Ukraine-Politik ein schwerer Fehler
Die übertriebene Bedeutung der NATO-Erweiterung hat auch die Politik Russlands gegenüber der Ukraine stark beeinflusst. Es ist diese Politik, die zum schwerwiegendsten Fehler der letzten Jahre wurde. Hier geht es nicht um die Aktionen auf der Krim, die eine Reaktion auf eine scharfe Veränderung der Situation in Kiew waren, sondern um die Verhaltenslogik, die 2014 zur Ukrainekrise führte, die in der postsowjetischen Zeit zu einem Wendepunkt in der Außenpolitik Russlands wurde.

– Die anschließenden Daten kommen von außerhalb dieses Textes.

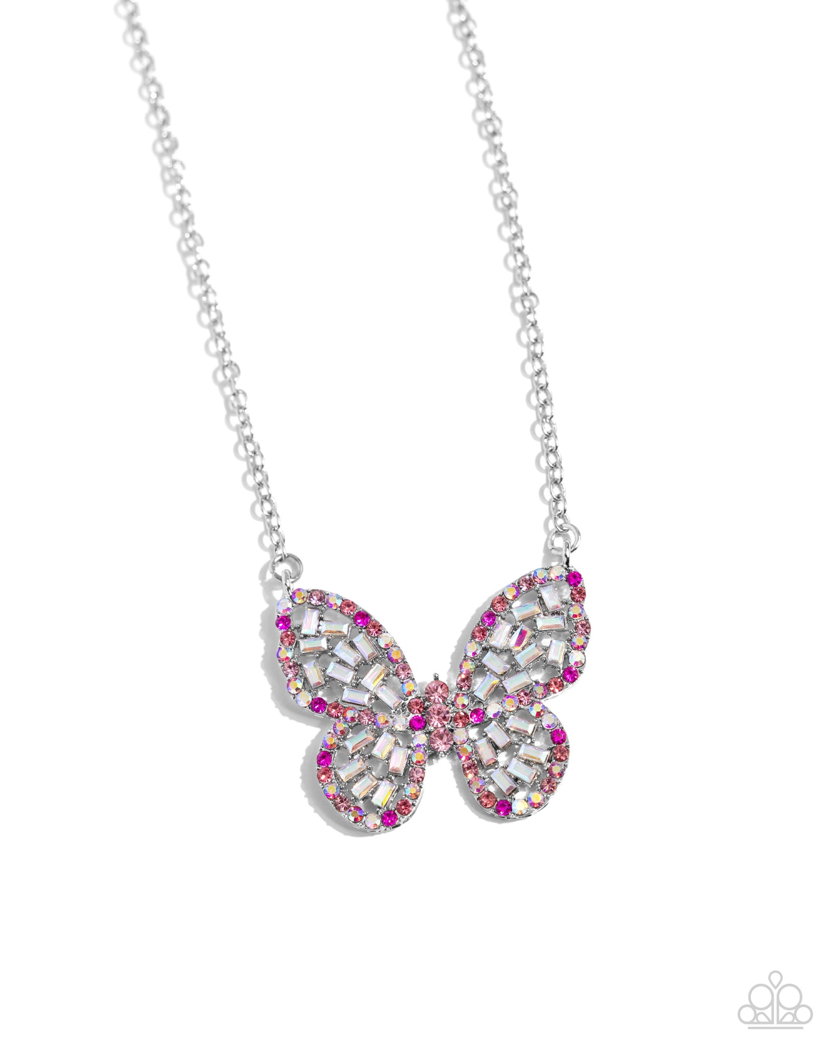 Bordered in pink and iridescent rhinestones, a collection of white emerald-cut dainty gems scatter across the interior of the airy silver butterfly. Additional dainty rose rhinestones create the body of the butterfly for a further splash of color and whimsy. Features an adjustable clasp closure. Due to its prismatic palette, color may vary.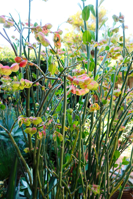 The sonchus are budding up, and there’s no question that a giant dandelion will be the life of the party when in bloom. It’s become a regular presence through the years, robustly reseeding despite most references suggesting Sonchus palmensis does not reseed — wtf? Geranium maderense also reseeds luxuriantly, thinned to five plants that should bloom maybe by March. (Being biennial, I think this year it should cycle into flower but no guaranties.) Seedling poppies and orlaya are entrenched in the garden too for early summer, a show I mostly miss but know by their ghostly skeletons I pull out in fall. And the tall pencil plant, Pedilanthus bracteatus, is another year-round source of nectar for hummingbirds. When I’m home, I see these guys every day and can’t help but feel responsible for them!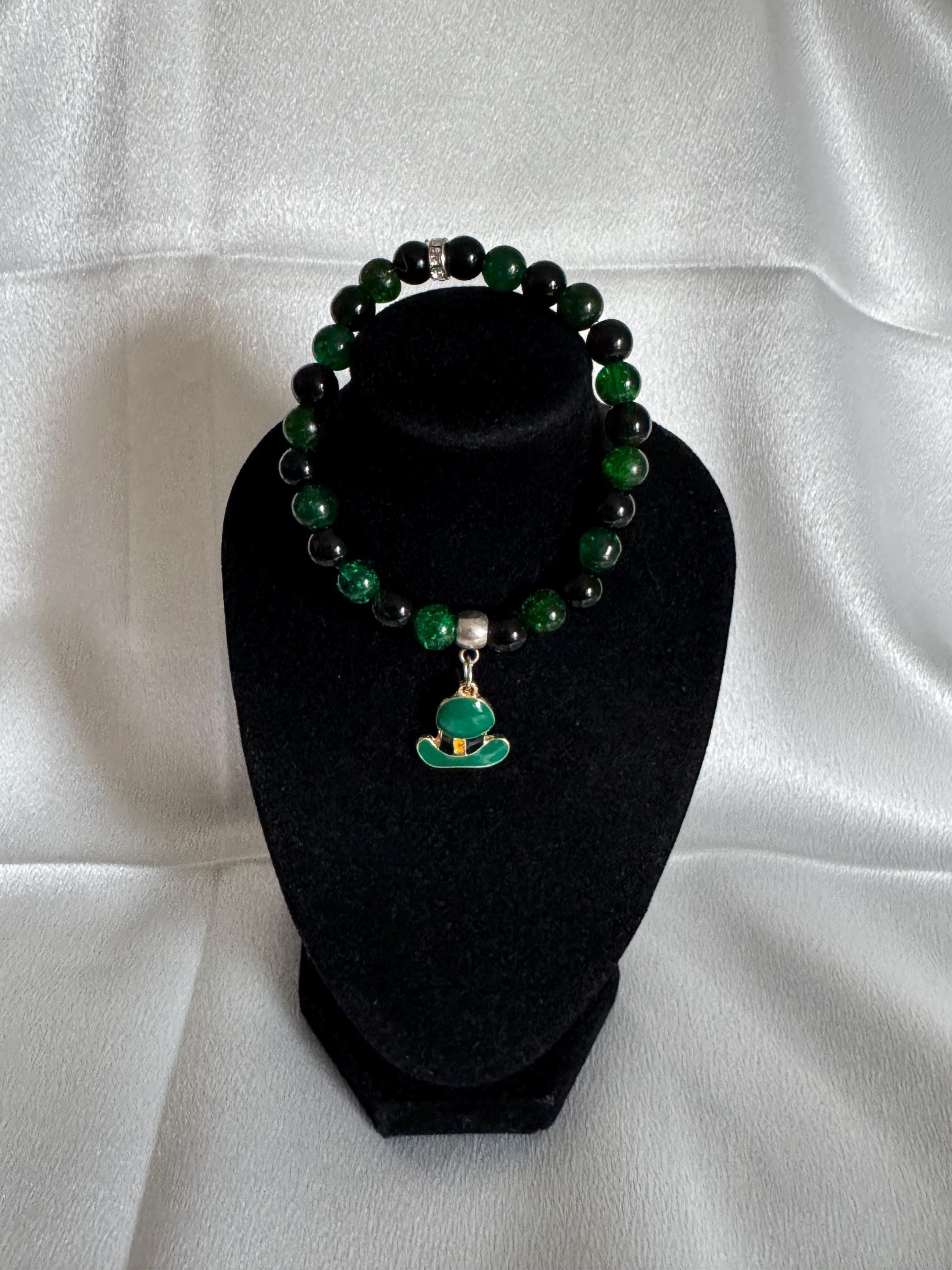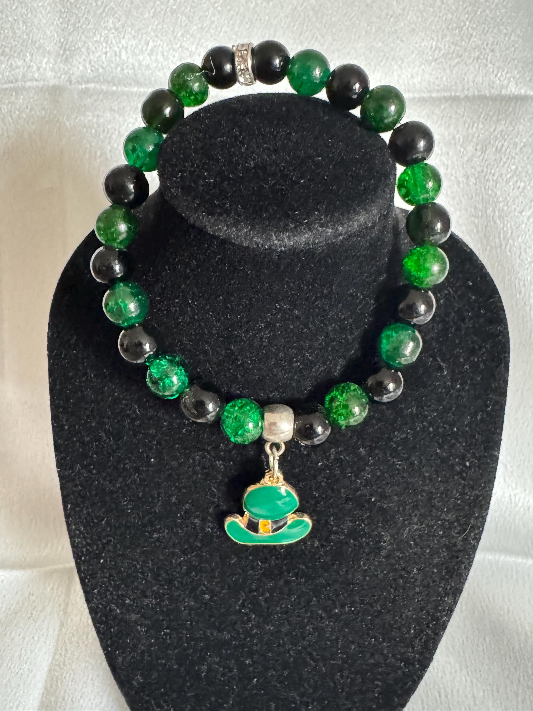 Celebrate St. Patrick’s Day—or your everyday love for Irish charm—with this handmade stretch bracelet featuring vibrant acrylic and glass beads paired with a festive themed charm. Measuring approximately 7.5 inches, it offers a comfortable fit and can be customized in both size and color to match your style.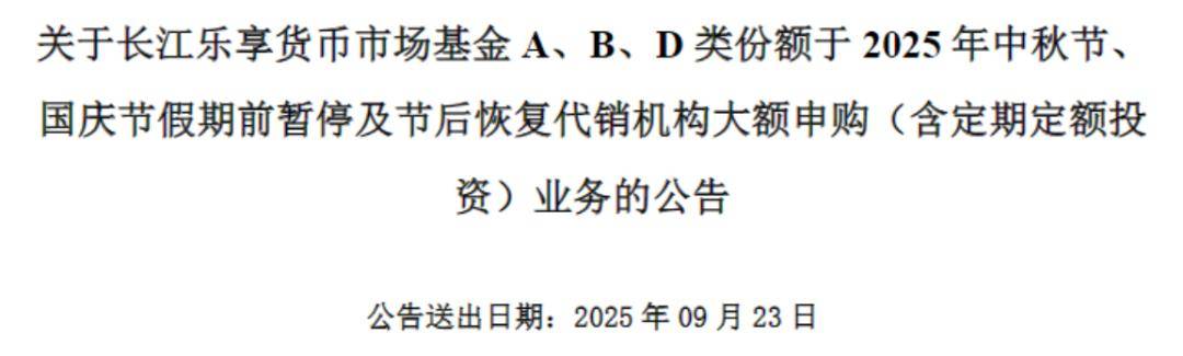 一些货币基金同样发布“限购令”。例如,长江资管旗下的长江乐享货币(003363.OF)自9月25日起对单日单个账户申购金额超过100万元的部分不再受理,并将在10月9日恢复。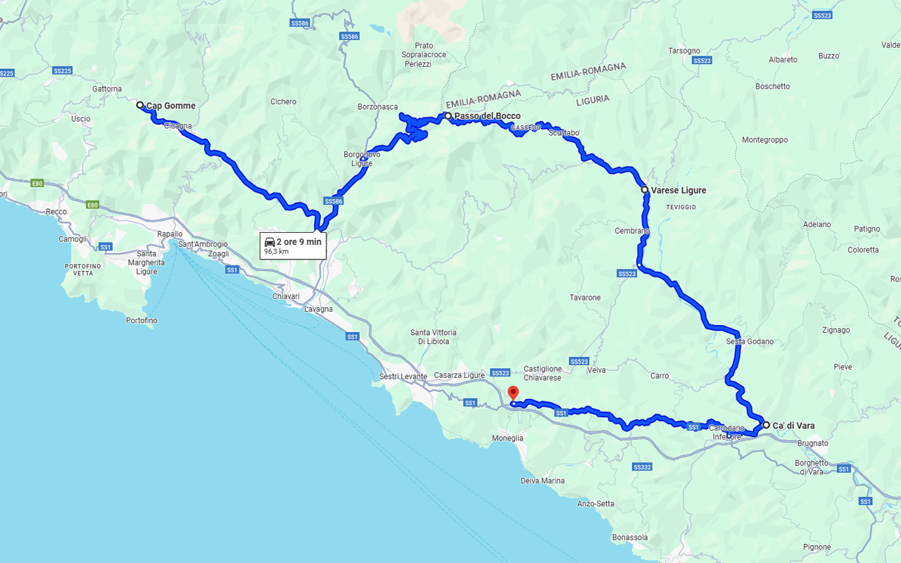 MOCONESI->BRACCO san colombano, passo del bocco, scurtabò, varese ligure, ca di vara, passo del bracco fino al camping l'oasi (100% asfalto)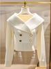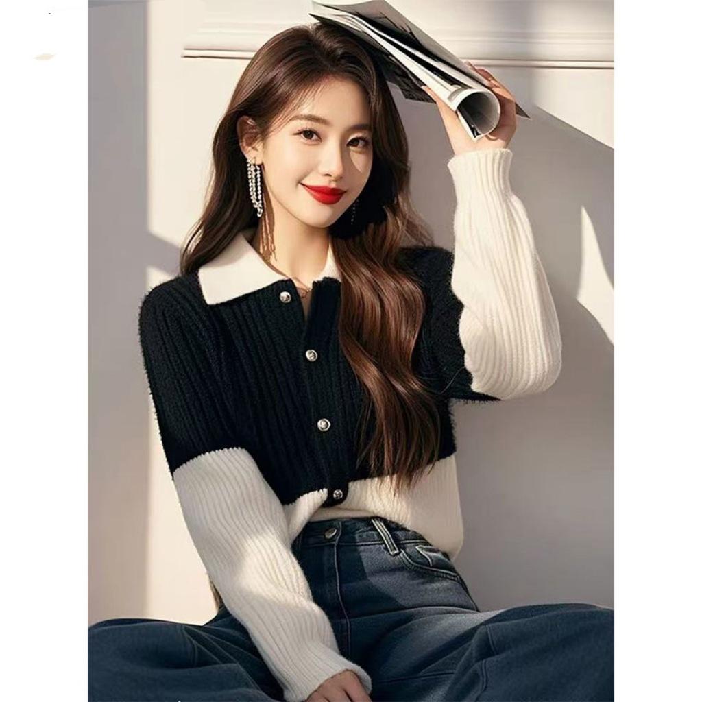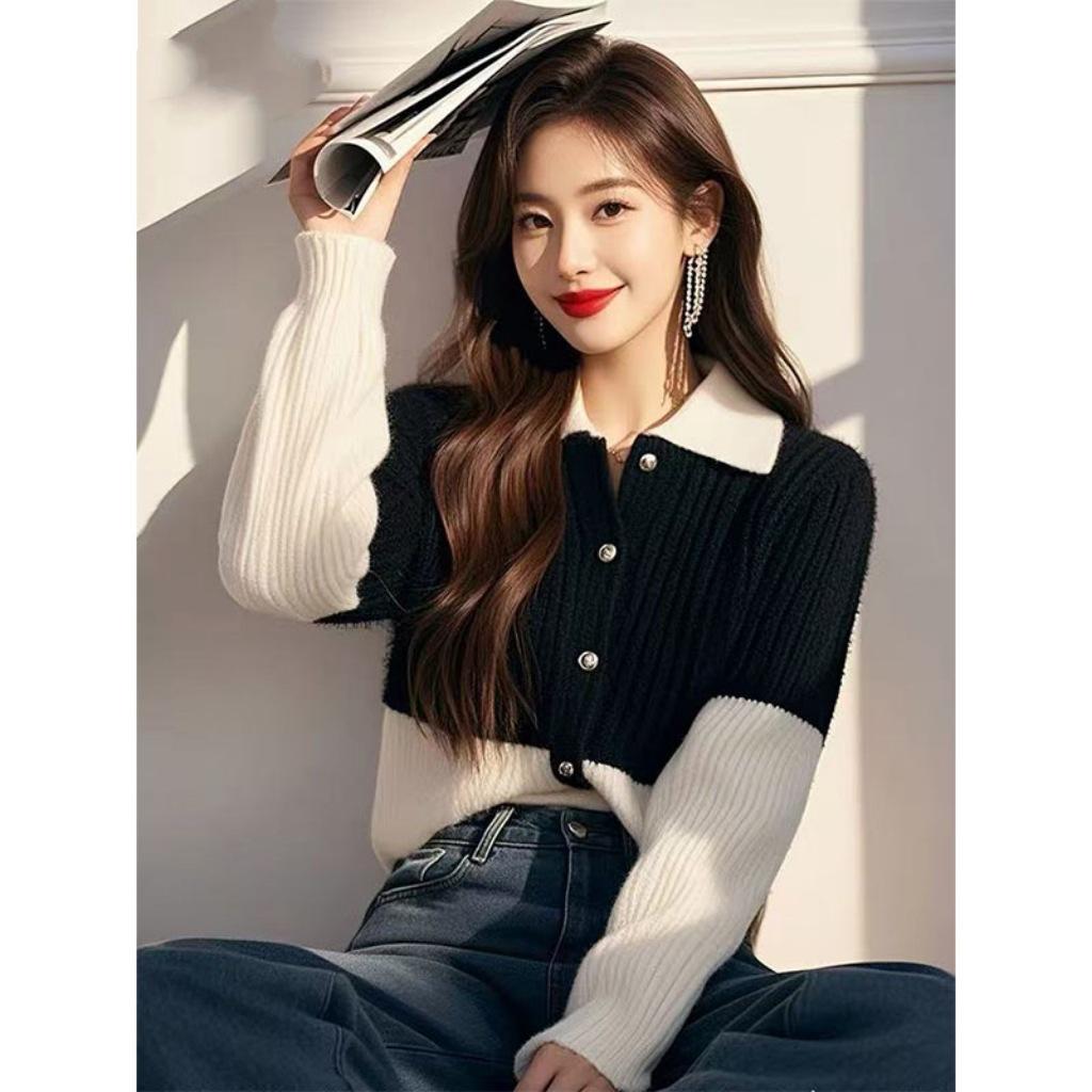 Suéter de punto con solapa y contraste de color para mujer, otoño e invierno 2024, estilo coreano, elegante, adelgazante, cárdigan de punto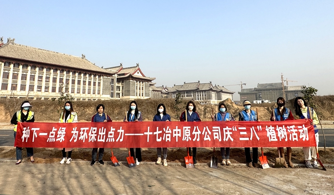 为庆祝第113个“三八”国际妇女节,增强生态保护意识,3月7日,中国十七冶中原分公司组织机关女员工前往河南大学项目,开展以“种下一点绿、为环保出点力”为主题的“庆三八”植树活动。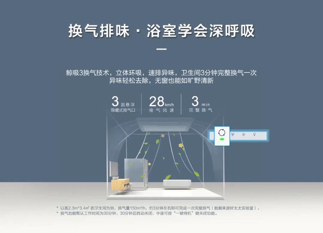 浴室有異味怎么辦?打開換氣排味功能,3面懸浮隱藏式換氣口,每小時28公里換氣風速,3分鐘就能完整換氣一次,浴室從此學會深呼吸!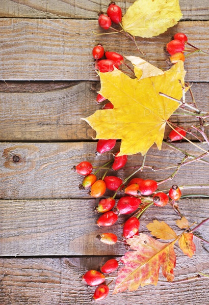 Осенние листья на деревянном фоне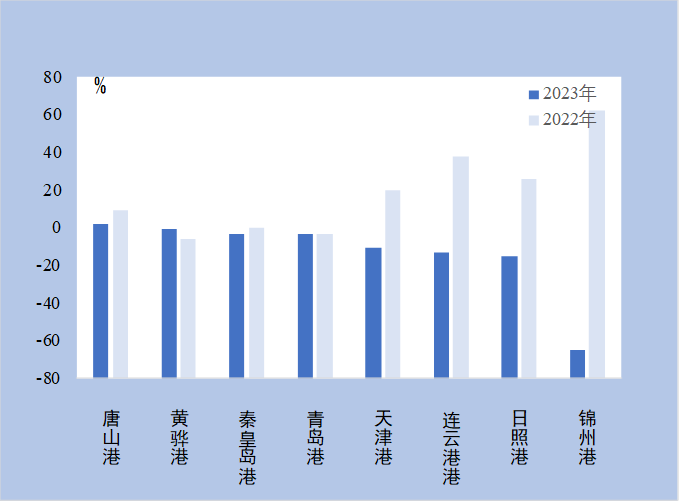 图3 2023年上半年北方煤炭重点装船港一次下水量增速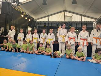 Am Sonntagnachmittag präsentierten Kindersportgruppe und Judokas ihr Können im Festzelt auf der Matte. Die Fußball-Bambinis kamen anschließend auch noch in ihrer Vereinskleidung dazu. Im Anschluss erhielten alle Kinder als Dankeschön eine Eismarke.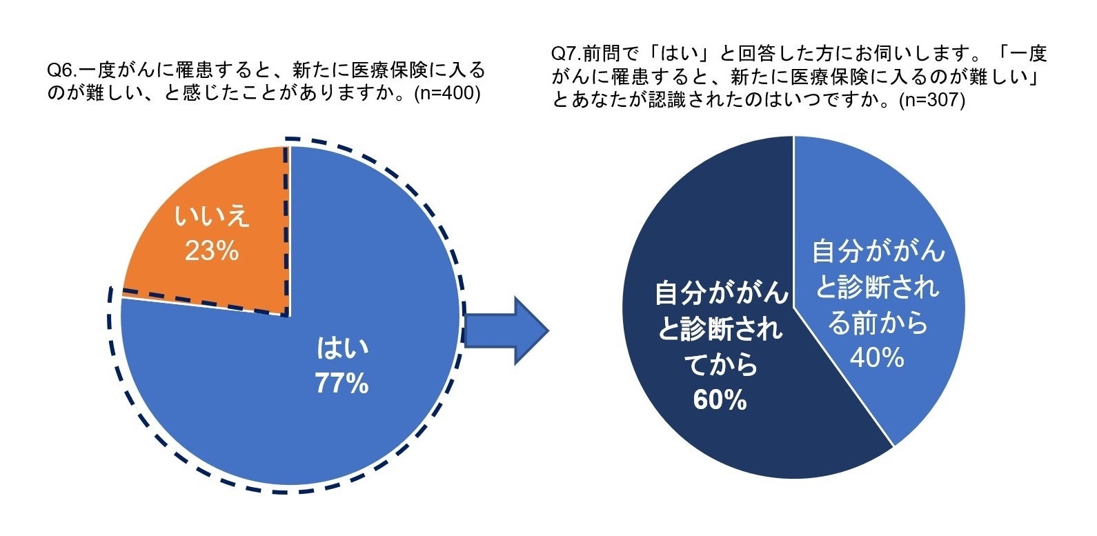 - がん経験者の7割が「一度がんに罹患すると、新たに医療保険に入るのが難しい」と感じており、そのうち6割はそのことを「自分ががんと診断されてから」認識した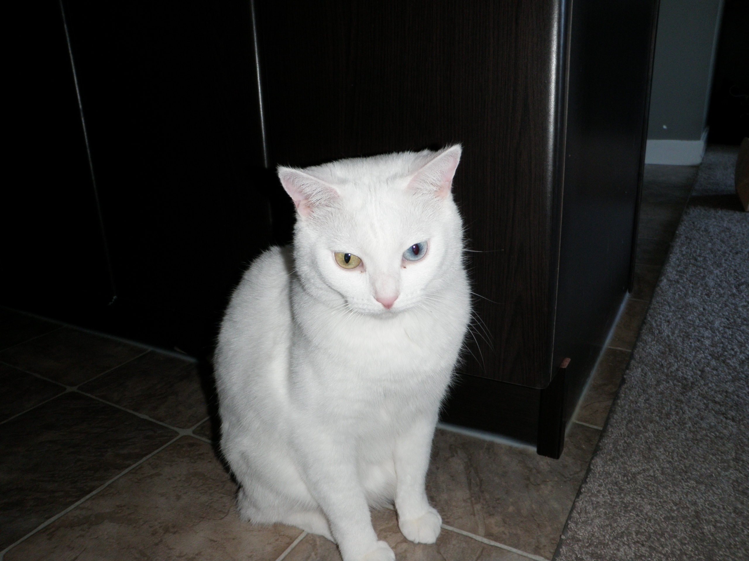 OH my gosh!!! Ok, Diego is the tabby, right? I love him!!! I don't think I remember Cali having two different color eyes. That's cool! (Sorry if I got their names backwards)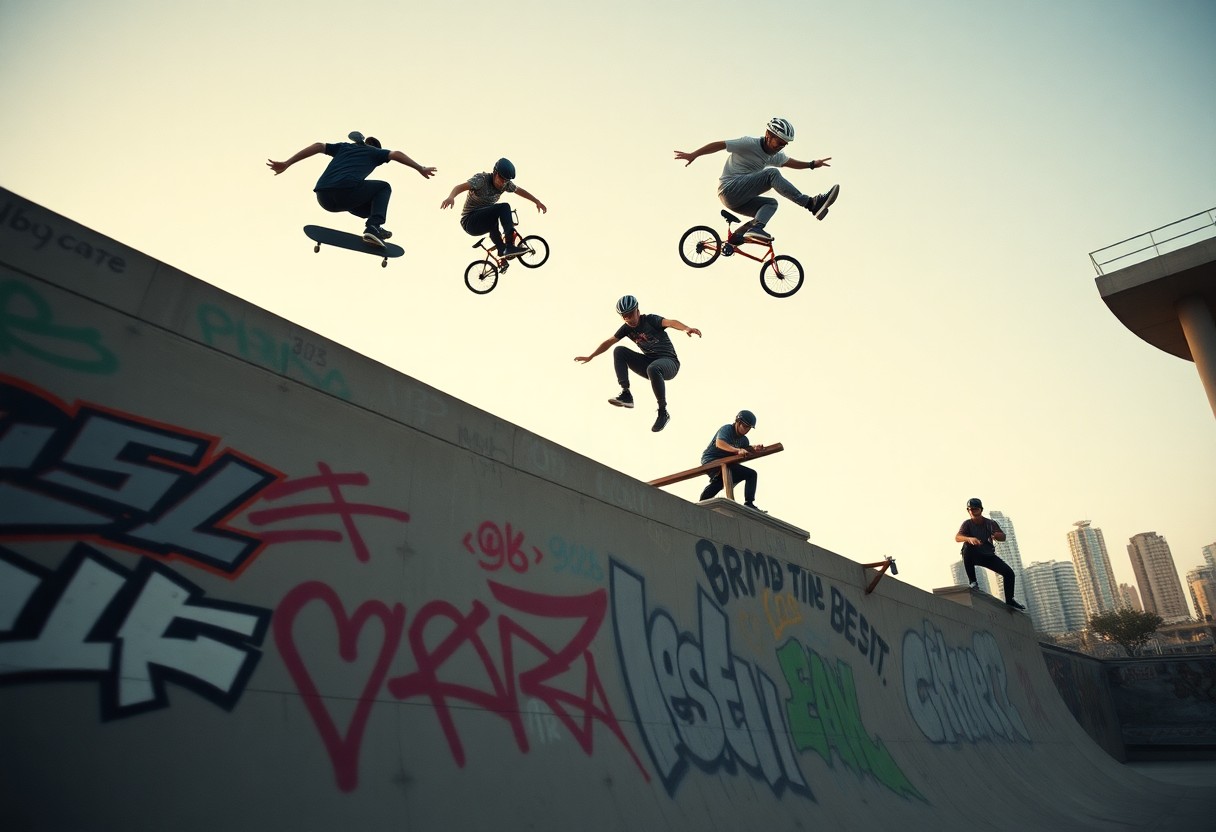 Lokalni parkovi, takmičenja i meetupi povezuju učesnike-događaji poput X Games ili regionalnih takmičenja okupe stotine do desetine hiljada posetilaca i stvaraju ekosistem sponzora i klubova; kroz to se gradi mentorstvo i razmena znanja, što povećava bezbednost i profesionalne mogućnosti, ali istovremeno podiže i pritisak za performans.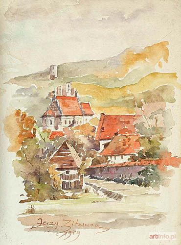 akwarela, ołówek na tekturze, 32,5 x 23,6 cm, sygnowana u dołu "Jerzy Zitzman/1959"

Neben der ungerechtfertigten Angst vor dem Aufstieg der NATO lag der Fehler in den falschen Vorstellungen des Kremls über die Bestrebungen der ukrainischen Eliten und über den Charakter der ukrainischen Gesellschaft. Man glaubte, die ukrainischen Eliten könnten in das eurasische Integrationsprojekt einbezogen werden und dass Ukrainer und Russen – Zweige eines Volkes – dies unterstützen. Man meinte, die Ukraine sei als kritische Masse für ein eurasisches Machtzentrum notwendig. Putins Versuch, die Ukraine in die EAWU aufzunehmen, war nicht nur vergebens. Dies wäre auch kostspielig für Russland gewesen.
Wir müssen erkennen, dass der Staat Ukraine ein großer und feindlicher Nachbar Russlands ist. Einzige Erleichterung für Moskau ist, dass die inneren Probleme der Ukraine Russland nicht länger belasten. Wahrscheinlich für eine lange Zeit, anscheinend für immer.